As much as I love the LA Splash lipsticks, I'm not too happy with their customer service. I ordered Catrina and they sent me Cryptic for some reason, which isn't even part of the Dia De Los Muertos collection. It took 3 days for them to return my email in which they wanted pictures and everything. I sent them pictures of the invoice and the lipstick, which was still in the plastic packaging because I never even opened it. It's now been a week and they haven't responded back to me with any more info about the shipping label they were supposed to send me to return the damn thing. Emailed them again yesterday and still nothing, so I'm hoping to hear from them tomorrow. I am just having crappy luck lately when it comes to ordering stuff online lol


----------



## Vandekamp (Nov 15, 2015)

sullenxriot182 said:


> As much as I love the LA Splash lipsticks, I'm not too happy with their customer service. I ordered Catrina and they sent me Cryptic for some reason, which isn't even part of the Dia De Los Muertos collection. It took 3 days for them to return my email in which they wanted pictures and everything. I sent them pictures of the invoice and the lipstick, which was still in the plastic packaging because I never even opened it. It's now been a week and they haven't responded back to me with any more info about the shipping label they were supposed to send me to return the damn thing. Emailed them again yesterday and still nothing, so I'm hoping to hear from them tomorrow. I am just having crappy luck lately when it comes to ordering stuff online lol


  I had a totally different experience. I ordered Venus and they forgot to send it to me and I received it 2-3 days later. I am on the East Coast btw.


----------



## sullenxriot182 (Nov 15, 2015)

I'm wondering if it's just the person I've been going back and forth with lol. He's not very helpful, that's for sure! I've never had an issue with an order from them before this, so I hope it's just a one time thing. Any other time I've ordered stuff I've received it in a few days and everything was fine.


----------



## Vandekamp (Nov 15, 2015)

sullenxriot182 said:


> I'm wondering if it's just the person I've been going back and forth with lol. He's not very helpful, that's for sure! I've never had an issue with an order from them before this, so I hope it's just a one time thing. Any other time I've ordered stuff I've received it in a few days and everything was fine.

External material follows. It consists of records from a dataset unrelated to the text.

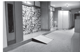
宴会場の入口に設置された 仮設スロープ
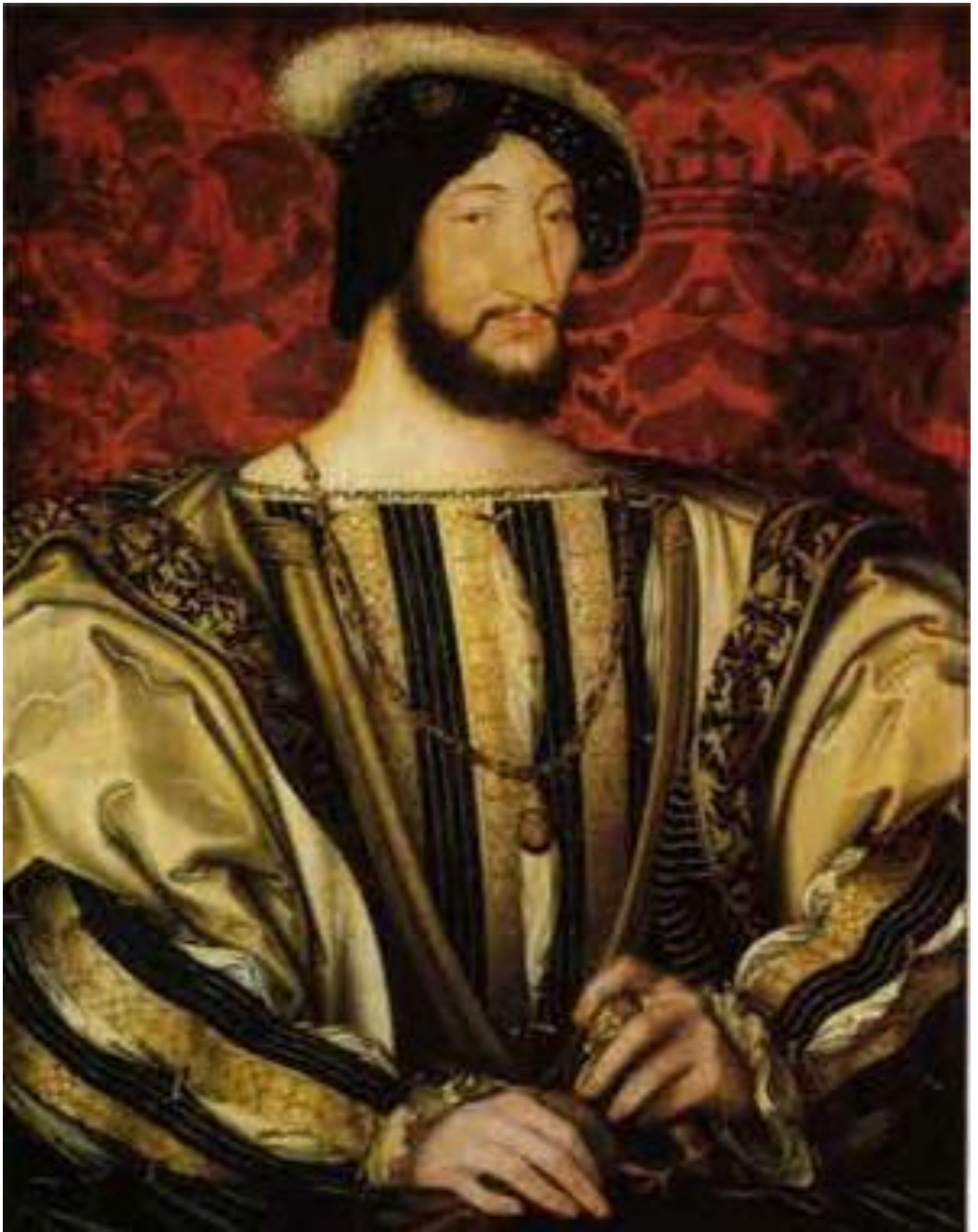
François I er , roi de France de 1515 à 1547. Il protégeait les artistes. Il a fait venir d'Italie Léonard de Vinci , (portrait de Jean Clouet, 1530)
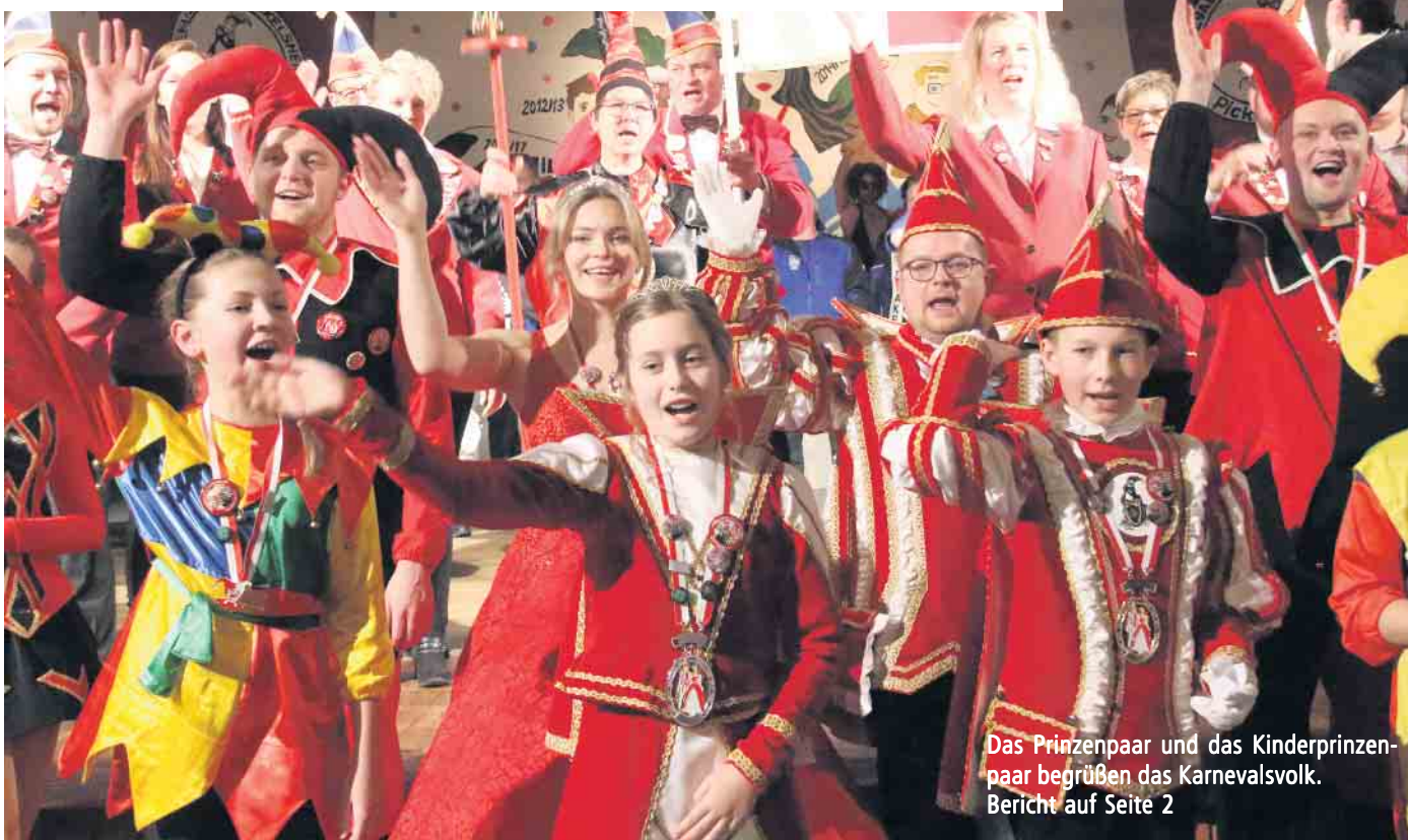
Das Prinzenpaar und das Kinderprinzenpaar begrüßen das Karnevalsvolk. Bericht auf Seite 2

Zum 25. Mal steigert der Höhepunkt im Peckelsheimer Saalkarneval die Vorfreude auf den traditionellen Rosenmontagsumzug

  I would share your feedback with a supervisor.


----------



## TwiggyPop (Nov 16, 2015)

sullenxriot182 said:


> I'm wondering if it's just the person I've been going back and forth with lol. He's not very helpful, that's for sure! I've never had an issue with an order from them before this, so I hope it's just a one time thing. Any other time I've ordered stuff I've received it in a few days and everything was fine.


  Maybe he went on vacation and forgot to put up an automatic reply saying when he'll be back. When I worked at the bank I don't think I've ever remembered to put up an automatic reply, which was stupid because I worked in loan closing. Haha.


----------



## leonah (May 30, 2016)

have anyone tried the new colors? the velvet mattes in tiramisu, latte etc?


----------